John scrubs a hand over his hair, “Goddammit, Stiles,” he says softly. “Does anyone else know about this?”

Charles slowly shakes his head, “The call was routed to me. I kept it quiet.”

“OK. Good. Was there anything concerning at the scene? Blood or property damage, anything?”

“No, just some weird noises, strange marks on some trees, but nothing to indicate a serious crime.”

“Thank God.” John sighs, “Charlie, I hate to ask, but—“

“I can give you twenty-four hours before I file it, sir. That’s all I’m willing to do.” 

“Thanks, Charlie. That’s all I need.”

 

Stiles isn’t home when John gets off work, but in theory the kid should be in school, so maybe that’s a good thing. He pours himself a drink and settles in to wait for his son. 

He’s sitting in the kitchen, head in his hands, when Stiles bursts in the front door and dashes for the stairs. 

“Stiles, we need to talk.”

Stiles pulls up short, “Now? Dad, is everything ok?” 

John doesn’t look up from his hands, “What were you doing in the Preserve last night?” 

“Dad, now is really not a good time, I’m sorry, but I’ve got to go, we can talk later? I swear it’s not what you think.”

And then John breaks. He hears himself yelling, asking when would be a good time, accusing Stiles of being in over his head, breaking the law, and he hears these words and these accusations and he just can’t help himself, can’t stem the flow of words that has been building for the last six months, even if Stiles looks like John just physically hit him.

When Stiles still says he has to go, stumbling mid-sentence, John deflates, tired from trying so hard, and turns his back on his son, says, “Then go. Just get out.”

There’s a choked noise behind him, but he doesn’t turn around. By the time what he realizes what he said, how it sounded, Stiles is already gone. 

 

John doesn’t go in Stiles’s room. If he goes in there and finds that Stiles’s clothes are gone, the picture of his mom missing from the nightstand, he doesn’t know what he’ll do. He’d rather maintain the illusion just a little longer.

So he waits. He waits as long as he can. Waits until the silence in the house feels heavy and judgmental, and then he says “He’s not coming back” out loud, just to see how it sound, how much it hurts to know that he might have driven his son away. 

It’s just past ten and the street is quiet and the house is quiet and John gives in. He has to know. 

But nothing is taken; nothing looks out of place. Stiles’s laptop is still on his desk, half buried in paper; the tattered picture of Yara is still by the bed, and John picks it up, like holding his dead wife close will give him the strength to find his son and make things right. 

 

Eventually, John does what he does best: he investigates. Treats his son’s room like a crime scene and takes it apart. He knows his son, he tells himself, Stiles wouldn’t have left like that if he didn’t absolutely have to, no matter how bad things between them were. So something in here has to pull all the pieces together, make everything make sense. 

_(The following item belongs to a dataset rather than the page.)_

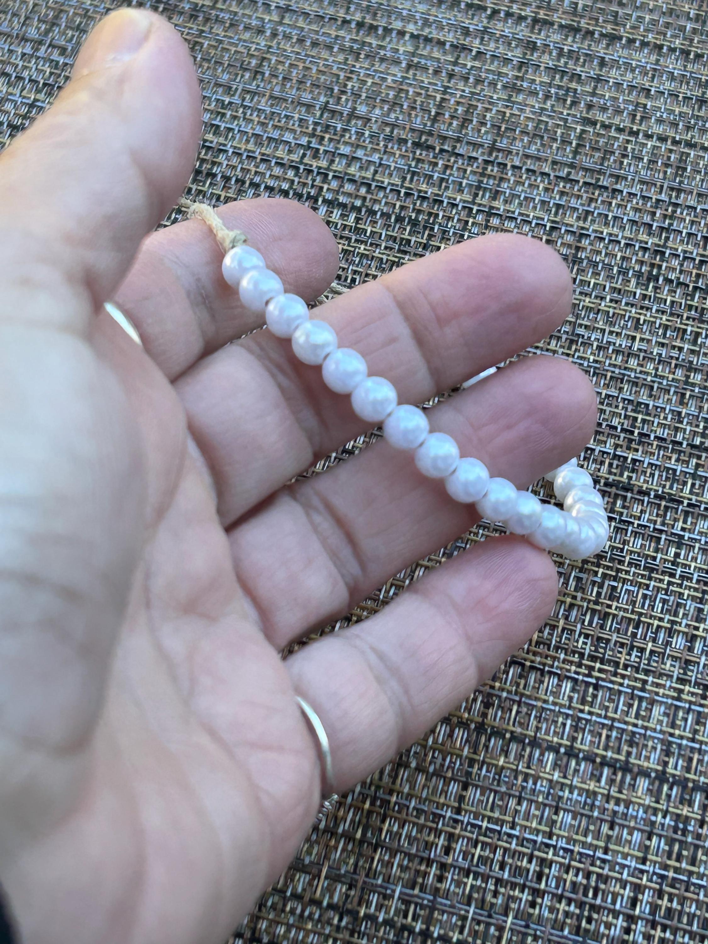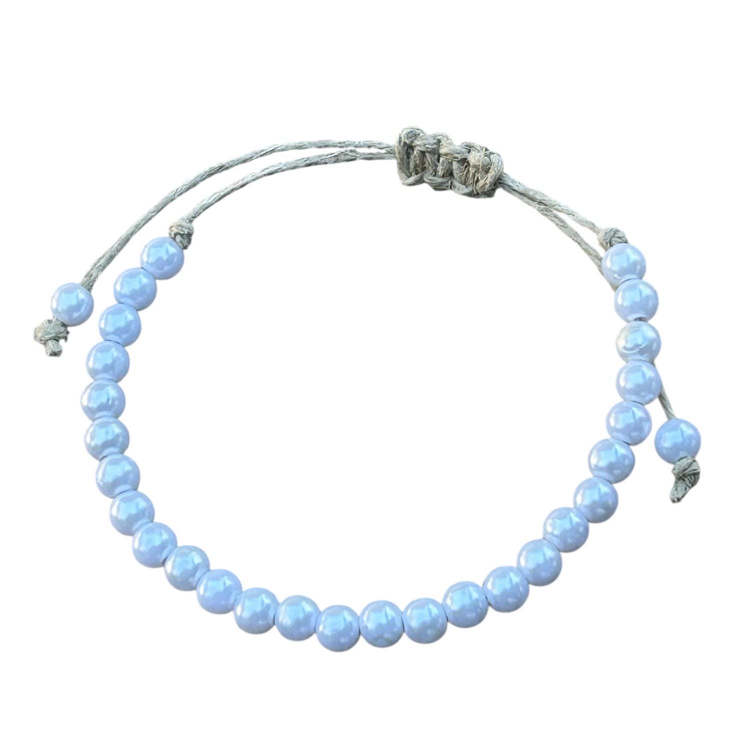 This bracelet is sturdy and adorned with your choice of beige (bone/white) or pure white faux pearls.
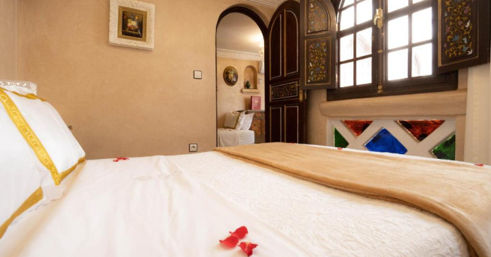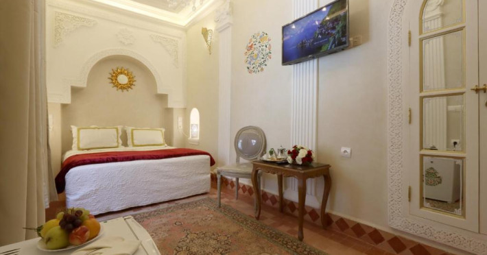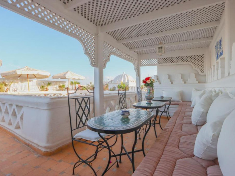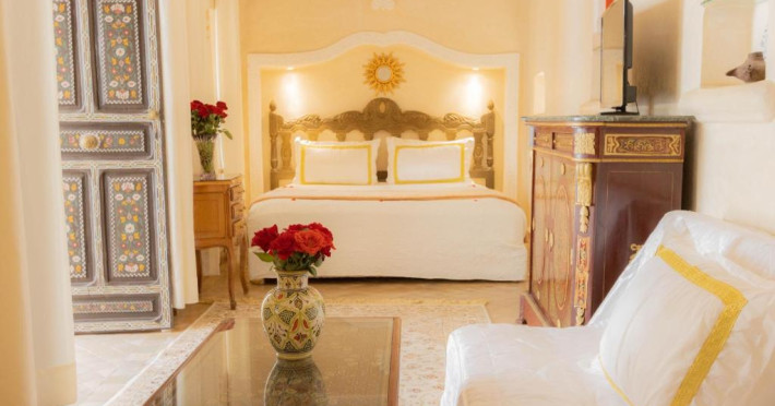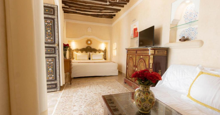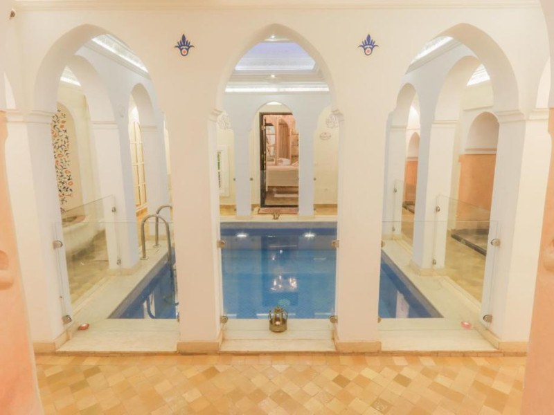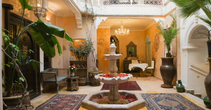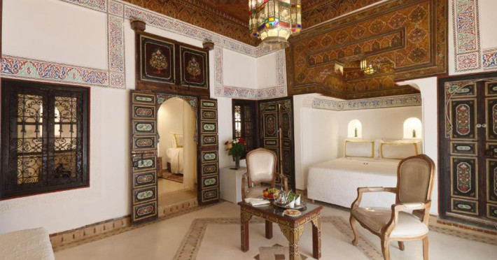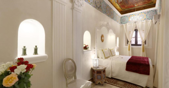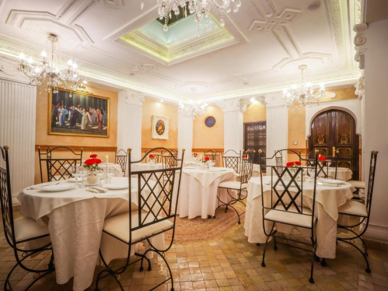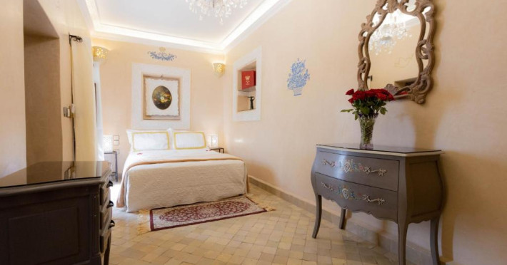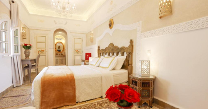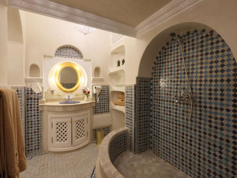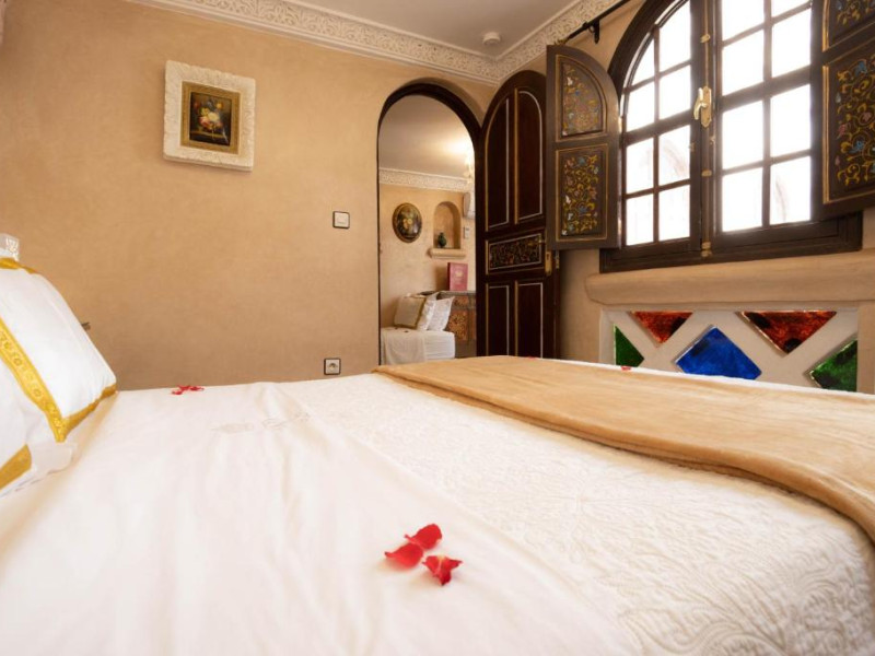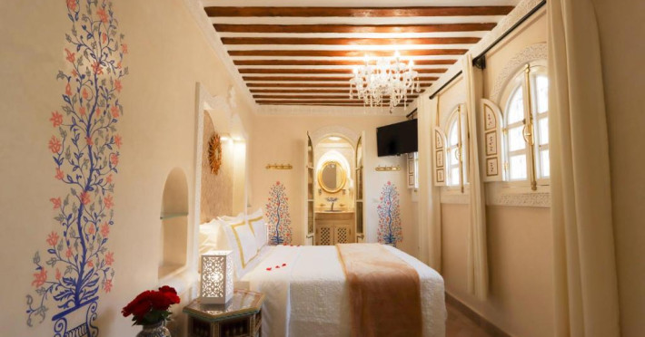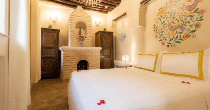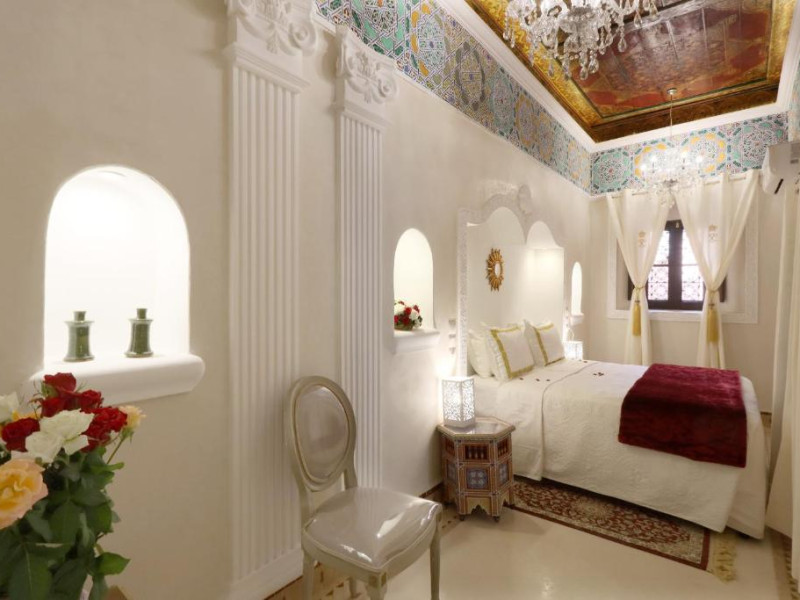 Camerele și suitele, decorate cu mozaicuri tradiționale și mobilier artizanal, păstrează farmecul arhitecturii locale. Facilitățile principale includ un spa cu hammam tradițional, o terasă pe acoperiș cu vedere panoramică asupra orașului vechi și a Munților Atlas, precum și un restaurant care servește specialități marocane autentice.

He tries the laptop, but Stiles is smart enough to password protect everything and John can’t even get past the login page. 

He flips through the papers on the desk, and in the shuffle of chem. labs and econ write-ups, John finds a page in Latin and written at the top, in big bold letters, is, ASK DEREK. Some phrases are circled with question marks by them; and then in the margins, underlined several times, IRON.

John wonders if Stiles ever got around to asking Derek, and then he thinks of the iron toolset by the fireplace.

 

He finds Stiles’s jeep on the outskirts of the Preserve and hears low murmuring from within the forest. 

There’s some sort of glow when he gets closer, and then he sees Stiles, standing in the center of a circle of people. There’s chanting and something shimmering in the air and John thinks about his gun, thinks about the number of underlines under the word IRON on that piece of paper, and decides to trust his son more than his training. 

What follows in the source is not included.